▶ _WORK ORDER_
For the data below, retype word for word the lines from the one containing "[密林の狩人] 凶暴なワニ系女子 皮描くの面倒でしたがいい感じに塗れてうれし😊" through the one containing "Thị trường tiền"; drop the pictures.

▶ _SUPPLIED ENTRIES_
>>>

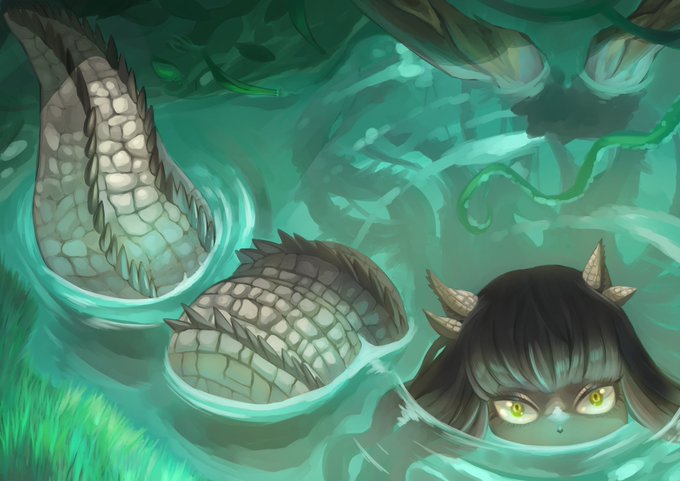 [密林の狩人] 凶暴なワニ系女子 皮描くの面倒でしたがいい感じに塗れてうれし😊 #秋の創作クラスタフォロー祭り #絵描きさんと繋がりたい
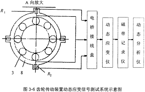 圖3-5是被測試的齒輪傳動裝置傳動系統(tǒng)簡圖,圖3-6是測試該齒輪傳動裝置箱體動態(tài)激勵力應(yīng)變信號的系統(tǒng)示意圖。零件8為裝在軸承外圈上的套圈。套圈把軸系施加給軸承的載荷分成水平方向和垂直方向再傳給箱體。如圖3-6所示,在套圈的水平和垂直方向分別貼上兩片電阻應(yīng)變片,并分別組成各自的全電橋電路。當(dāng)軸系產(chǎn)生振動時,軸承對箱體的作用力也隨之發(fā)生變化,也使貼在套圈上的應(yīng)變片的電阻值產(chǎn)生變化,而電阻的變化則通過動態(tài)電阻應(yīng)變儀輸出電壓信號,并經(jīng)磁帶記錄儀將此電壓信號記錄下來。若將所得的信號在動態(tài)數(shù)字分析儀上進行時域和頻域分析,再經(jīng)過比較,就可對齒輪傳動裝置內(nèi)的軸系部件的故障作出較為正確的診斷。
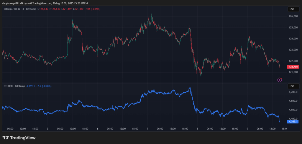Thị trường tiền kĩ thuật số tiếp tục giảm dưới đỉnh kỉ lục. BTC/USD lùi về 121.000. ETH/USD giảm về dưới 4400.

<<<
>>>

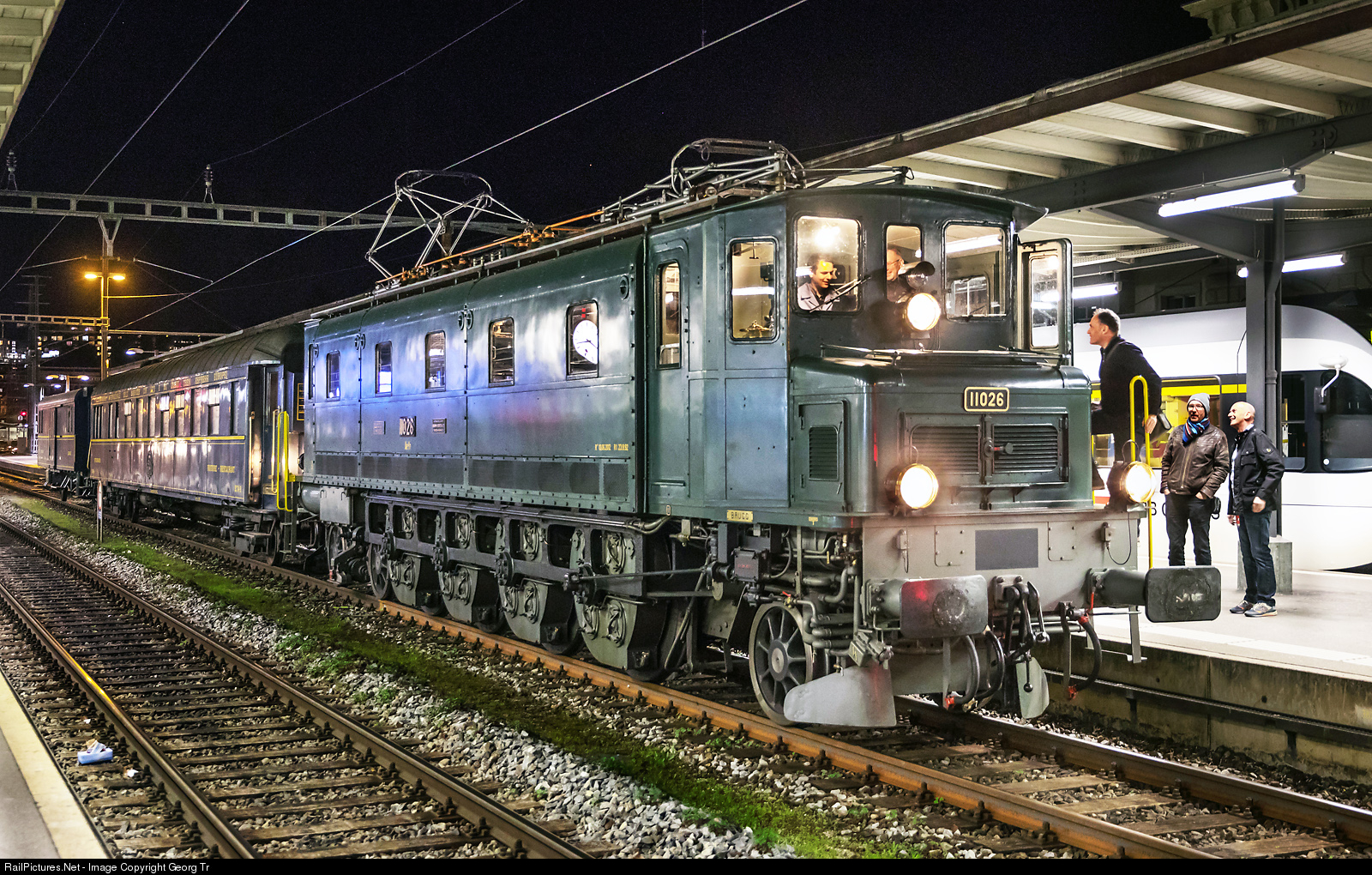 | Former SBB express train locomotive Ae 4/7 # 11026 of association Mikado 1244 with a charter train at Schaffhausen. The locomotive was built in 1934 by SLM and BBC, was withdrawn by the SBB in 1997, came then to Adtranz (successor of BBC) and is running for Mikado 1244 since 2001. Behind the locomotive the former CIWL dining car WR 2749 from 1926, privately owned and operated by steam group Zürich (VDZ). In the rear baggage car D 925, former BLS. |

<<<

▶ _REPLY_
 [密林の狩人] 凶暴なワニ系女子 皮描くの面倒でしたがいい感じに塗れてうれし😊 #秋の創作クラスタフォロー祭り #絵描きさんと繋がりたい
 圖3-5是被測試的齒輪傳動裝置傳動系統(tǒng)簡圖,圖3-6是測試該齒輪傳動裝置箱體動態(tài)激勵力應(yīng)變信號的系統(tǒng)示意圖。零件8為裝在軸承外圈上的套圈。套圈把軸系施加給軸承的載荷分成水平方向和垂直方向再傳給箱體。如圖3-6所示,在套圈的水平和垂直方向分別貼上兩片電阻應(yīng)變片,并分別組成各自的全電橋電路。當(dāng)軸系產(chǎn)生振動時,軸承對箱體的作用力也隨之發(fā)生變化,也使貼在套圈上的應(yīng)變片的電阻值產(chǎn)生變化,而電阻的變化則通過動態(tài)電阻應(yīng)變儀輸出電壓信號,并經(jīng)磁帶記錄儀將此電壓信號記錄下來。若將所得的信號在動態(tài)數(shù)字分析儀上進行時域和頻域分析,再經(jīng)過比較,就可對齒輪傳動裝置內(nèi)的軸系部件的故障作出較為正確的診斷。
Thị trường tiền kĩ thuật số tiếp tục giảm dưới đỉnh kỉ lục. BTC/USD lùi về 121.000. ETH/USD giảm về dưới 4400.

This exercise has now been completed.